Who most shall praise him, all are still at strife:
Expiring virtue leaves a void in life.
A void our scene has felt:—with Shakespeare's page
Who now like him shall animate the stage?
Hamlet, Macbeth, and Benedick, and Lear,
Richard, and Woolsey, pleas'd each learned ear.
If feigning well be our consummate art,
How great his praise, who in Iago's part
Could utter thoughts so foreign to his heart?
Falstaff, who shook this house with mirthful roar,
Is now no counterfeit:—He'll rise no more!
'Twas Henderson's the drama to pervade,
Each passion touch, and give each nicer shade.
When o'er these boards the Roman Father pass'd—
But I forbear—That effort was his last.—
The muse there saw his zeal, though rack'd with pain,
While the slow fever ambush'd in each vein.
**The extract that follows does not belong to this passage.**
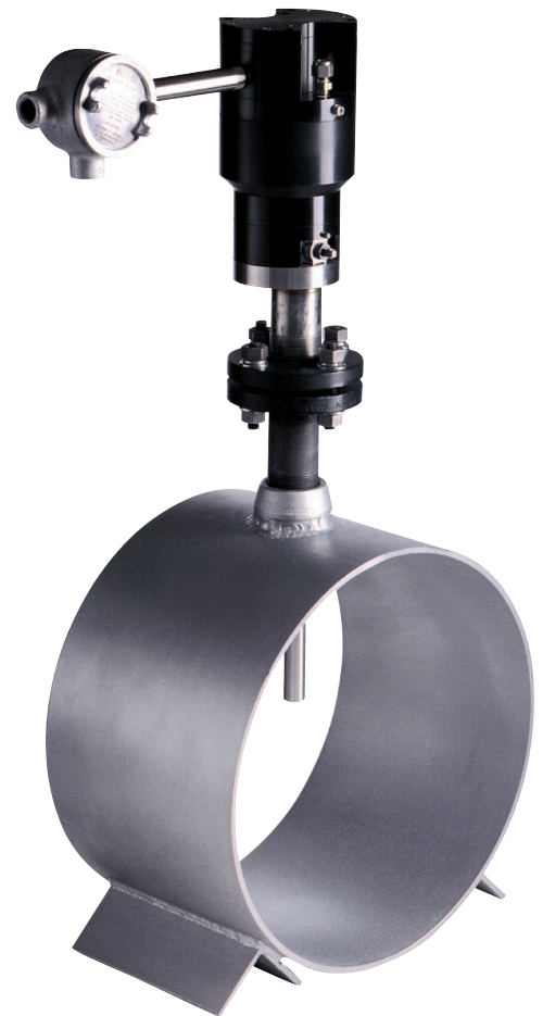
Advanced Sulfur Reduction (ASR) Sampling Probe

AMETEK Process Instrument's ASR probe is an integral component of the 900 Air Demand Analyzer. Whatever the requirement at the sample point, AMETEK Process Instruments can supply a trouble-free engineered solution.

She sought the bed, where pale and wan he lay,
And vainly try'd to chase disease away;
Watch'd ev'ry look, and number'd ev'ry sigh;
And gently,—as he liv'd,—she saw him die.

372

Wild with her griefs, she join'd the mournful throng,
With sullen sound as the hearse mov'd along:
Through the dim vaulted isles she led the way,
And gave to genius past his kindred clay;
Heard the last requiem o'er his relicks cold,
And with her tears bedew'd the hallow'd mould.
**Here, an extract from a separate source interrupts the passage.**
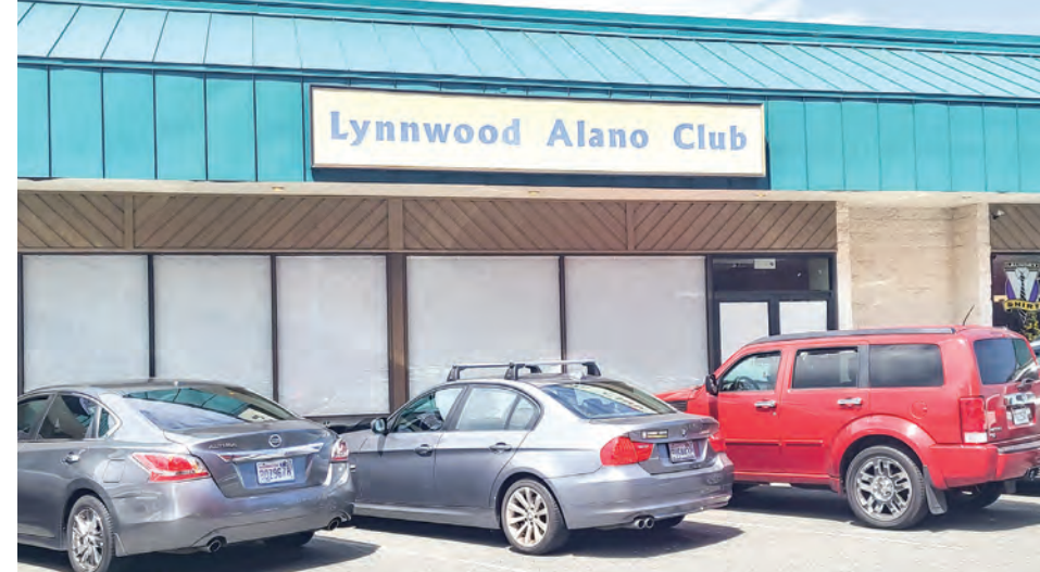
Front entrance of Lynnwood Alano Club.

"There's no retail space ningham. "We're trying

In faithful verse, there near the lonely cell,
The fair recording epitaph may tell,
That he, who now lies mould'ring into dust,
Was good, was upright, generous, and just;
By talents form'd, to grace the poet's lays;
By virtue form'd, to dignify his days.
 

Mrs. Siddons, to do honour to the memory of her deceased friend, obtained the consent of the Managers of Drury-Lane, and performed the part of Belvidera. But that character requiring great exertion, and the Prologue being unusually long, several lines, here printed, were omitted on the above night.